The business is seasonal (see chart below from a quarterly from a while ago, don't know which one) and it looks like the payments received from the customer take longer than LPE have to pay their power provider. Hence the receipts are higher (from the peak summer period) and relatively the COGS have contracted – Autumn/Winter demand and a shorter payment cycle.  The reverse happens going into summer but is offset by the increasing total

Over time however the Revenue will rise in proportion to the GWh under management, and I understand that gross margin is relatively constant (~19%).

3. What is the company's liquidity and specifically will it need to raise capital.

Depends how fast it decides to ramp up.  If they use some of the $10m for investment then this significantly increases the GWh and will place extra demand due to the cash receipt lag described above.  There are a few inputs here needed to answer the question above that we don't have.  Alternatively they could wait until they have positive cash flow from existing operations to fund this.

DickHunt
DickHunt
Last edited 2 months ago

thanks anthill! My comments:

1. Why is the debt facility announced on Mar 2018 not being drawn down (per July 4C)?

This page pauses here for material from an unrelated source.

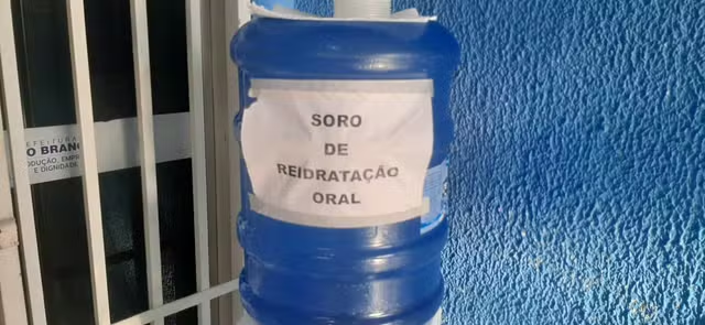 A Unidade de Referência em Atendimento Primário (Urap) Roney Meireles, localizada no bairro Alto Alegre, em Rio Branco, disponibilizou para os pacientes, soro caseiro em um bebedouro no corredor do local, visando auxiliar na hidratação de quem apresenta sintoma de dengue.

New distributed networks need capex for the installation. So if they are writing new business where they hook up a strata to LPE, they need capex. My understanding is that only hard assets (eg meters) can be funded via the facility, not other costs (eg labour). So still a mystery. I have put a call into the company to ask.

2. Is the increased cash gross margin ($2,181k in June Qtr) sustainable?

Thanks for your corrections and explantation.

3. What is the company's liquidity and specifically will it need to raise capital.

Thanks for your reply. More specifically, my question relates to whether they need capital to achieve their stated goals on their current run rate. I understand that if they have a step change in their rate of installs then that will put pressure on their balance sheet. Hence my first question about debt finance.

DickHunt
DickHunt
Added 2 months ago

1. Why is the debt facility announced on Mar 2018 not being drawn down (per July 4C)?

2. Is the increased cash gross margin ($2,181k in June Qtr) sustainable?

3. What is the company's liquidity and specifically will it need to raise capital.